== Exercise description ==
Copy the lines below, word for word, from the first through the line containing "- Sugar-free sweet". Leave the pictures out.
☆ ☆ ☆
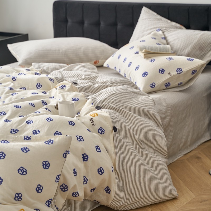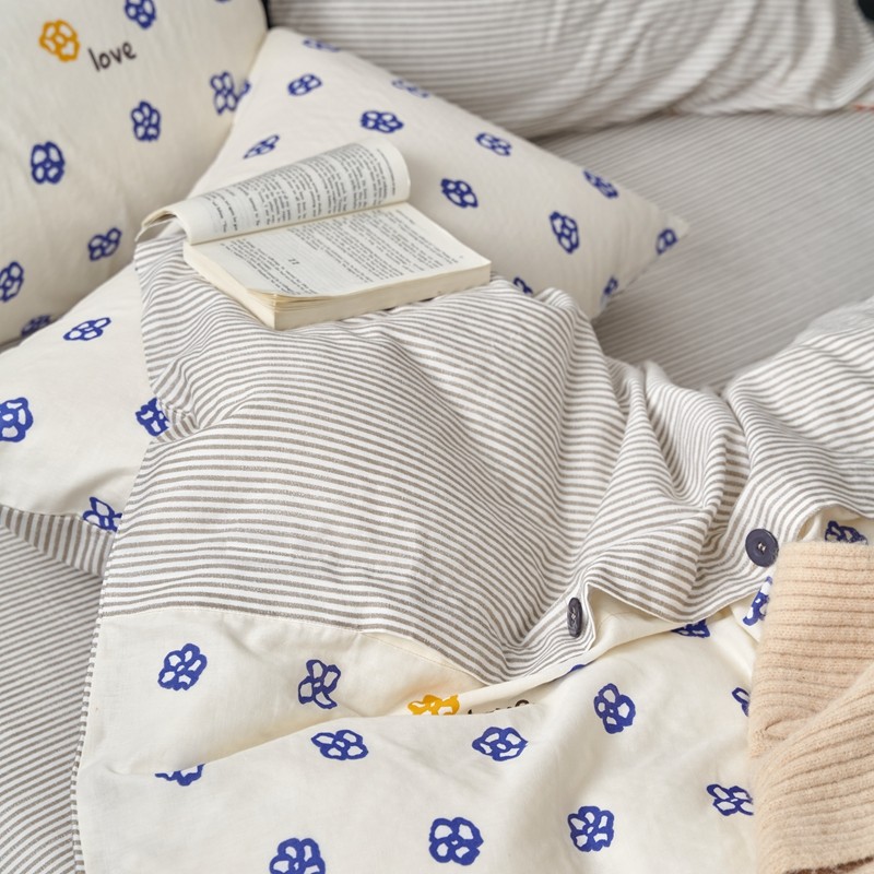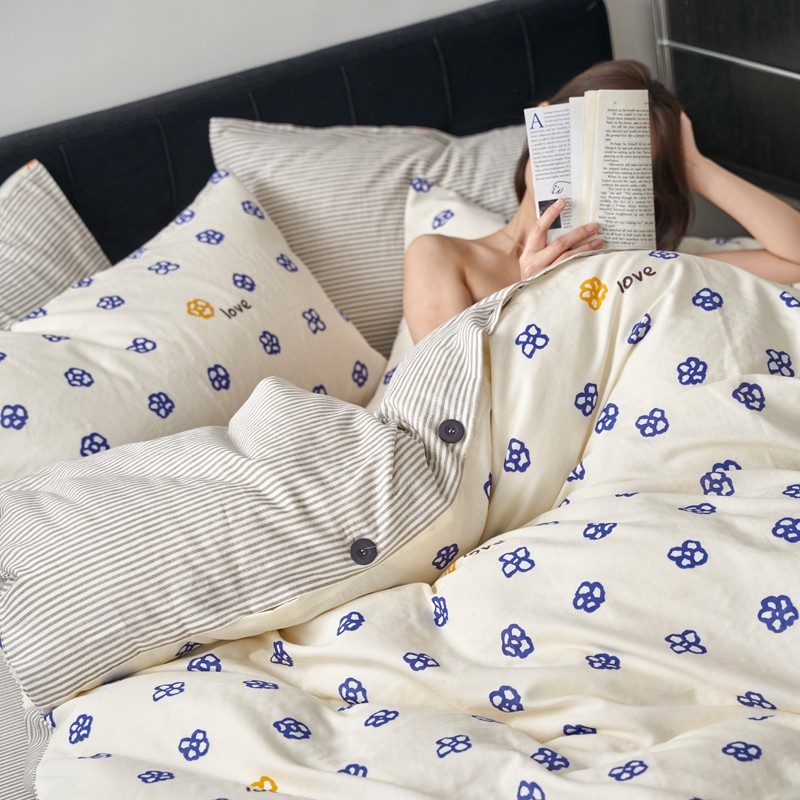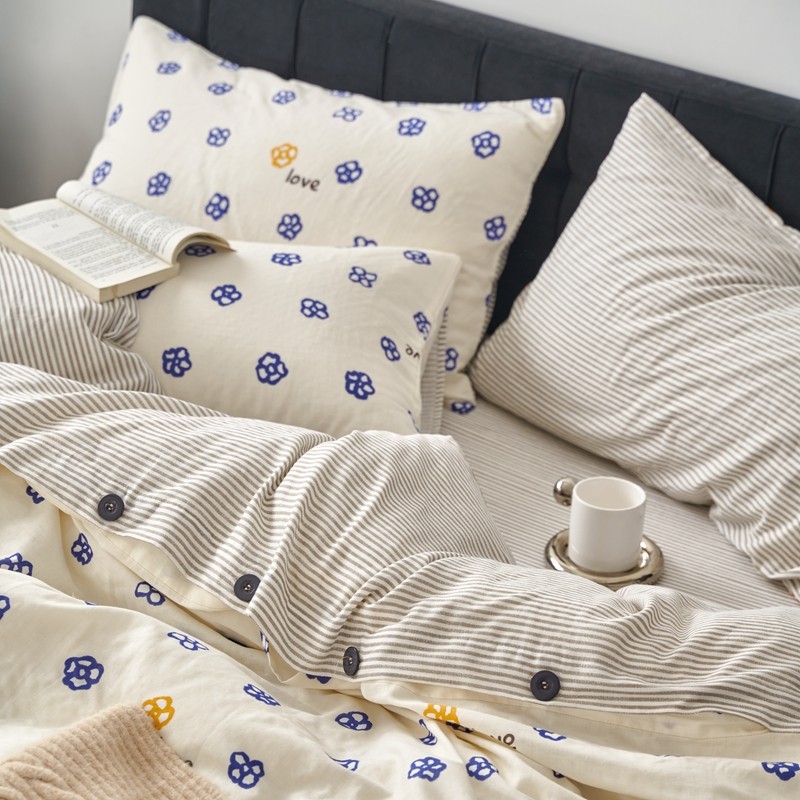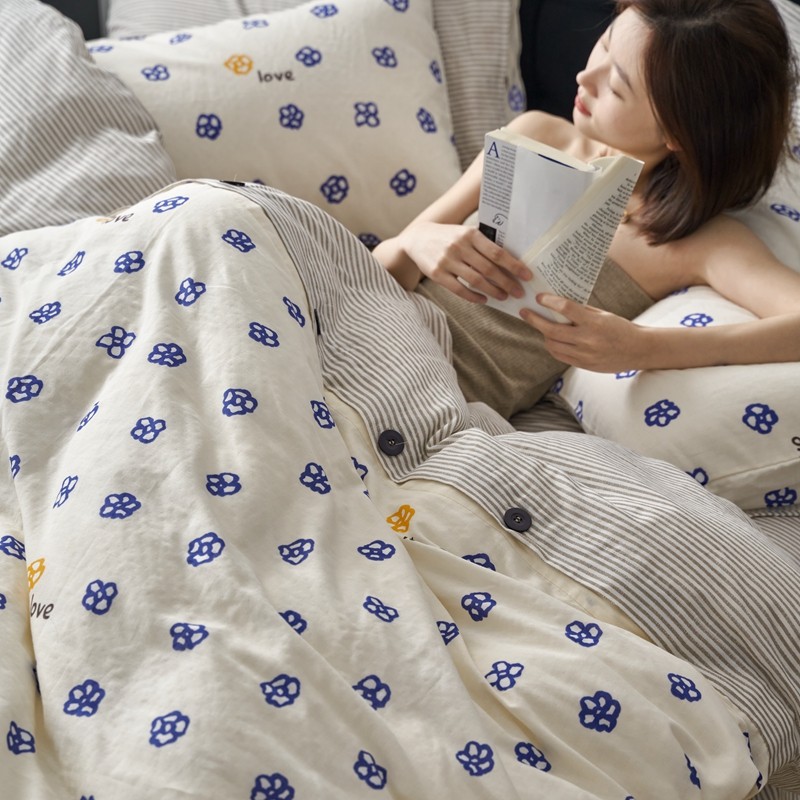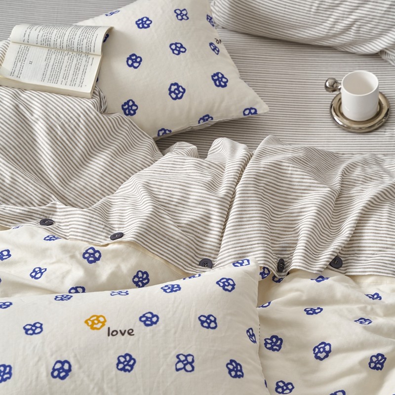 商品名称:时年 2023新款全棉母婴级有氧双层纱纽扣工艺款四件套-场景一 休闲时代-兰
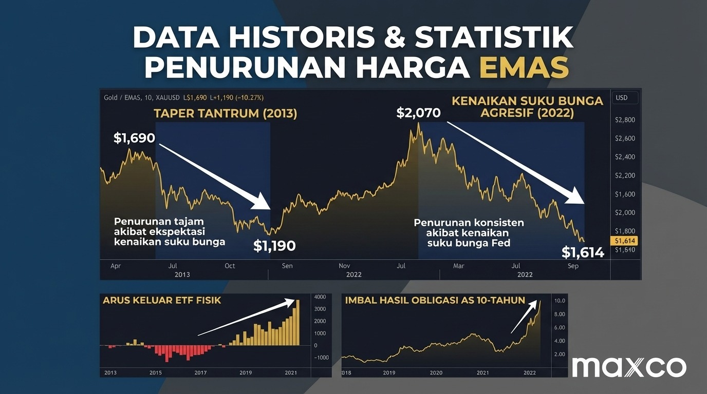 Artikel ini akan membahas secara mendalam mengenai mekanisme ekonomi yang memicu penurunan harga emas. Trader Maxco akan mempelajari peristiwa-peristiwa fundamental besar apa saja yang secara historis terbukti menekan harga emas, bagaimana cara membaca tanda-tandanya, serta solusi praktis untuk mengambil keuntungan dari situasi tersebut, khususnya ketika melakukan trading XAUUSD.
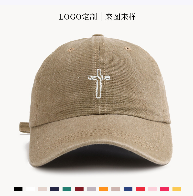 跨境新款韩版十字架棒球帽美式水洗做旧复古鸭舌帽男女帽子拿样
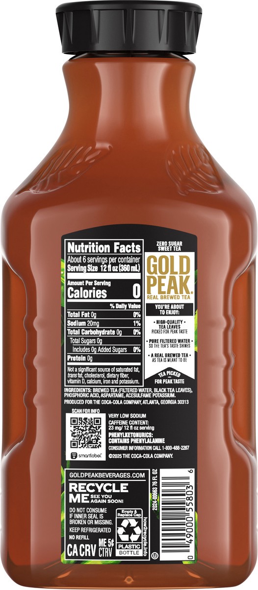 - Sugar-free sweet tea bursting with natural flavors76 fl oz bottle of Gold Peak Zero Sugar Sweet Tea
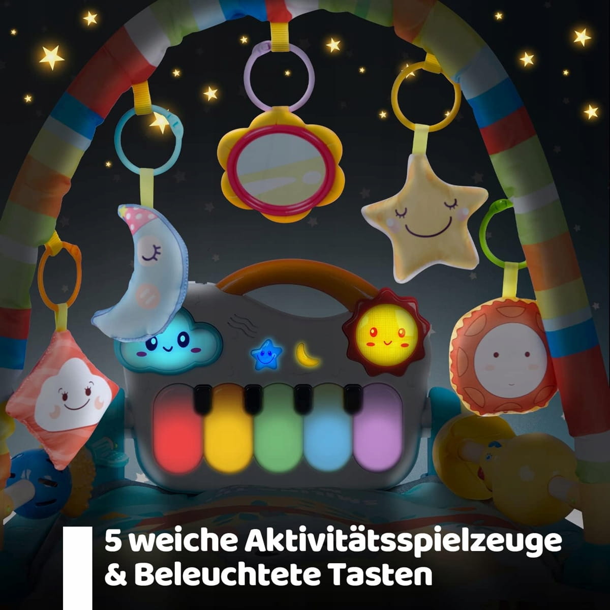 - Πλήρες σετ αξεσουάρ: Το γυμναστήριο για βρέφη περιλαμβάνει πιάνo αφής και μαλακό χαλί, 5 αποσπώμενες πολύχρωμες κουδουνίστρες και 4 υφασμάτινα παιχνίδια με μικρό καθρέφτη. Πάνω από 50 μελωδίες και 8 φώτα LED (συμπεριλαμβανομένου φωτός προβολής και κλιμάκων) προσφέρουν ατελείωτη διασκέδαση για παιδιά στην αντίστοιχη ηλικιακή ομάδα.
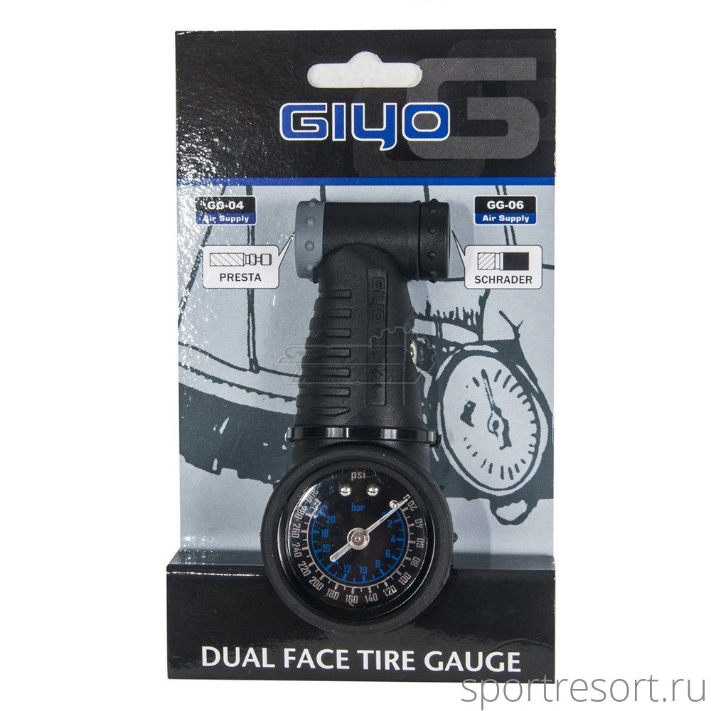 Манометр GIYO GG-04, двухсторонний клапан, для давлений 100 psi и 300 psi, с кнопкой регулировки давления, для авто и вело ниппелей А/V, F/V.
☆ ☆ ☆
== Task answer ==
 商品名称:时年 2023新款全棉母婴级有氧双层纱纽扣工艺款四件套-场景一 休闲时代-兰
 Artikel ini akan membahas secara mendalam mengenai mekanisme ekonomi yang memicu penurunan harga emas. Trader Maxco akan mempelajari peristiwa-peristiwa fundamental besar apa saja yang secara historis terbukti menekan harga emas, bagaimana cara membaca tanda-tandanya, serta solusi praktis untuk mengambil keuntungan dari situasi tersebut, khususnya ketika melakukan trading XAUUSD.
 跨境新款韩版十字架棒球帽美式水洗做旧复古鸭舌帽男女帽子拿样
 - Sugar-free sweet tea bursting with natural flavors76 fl oz bottle of Gold Peak Zero Sugar Sweet Tea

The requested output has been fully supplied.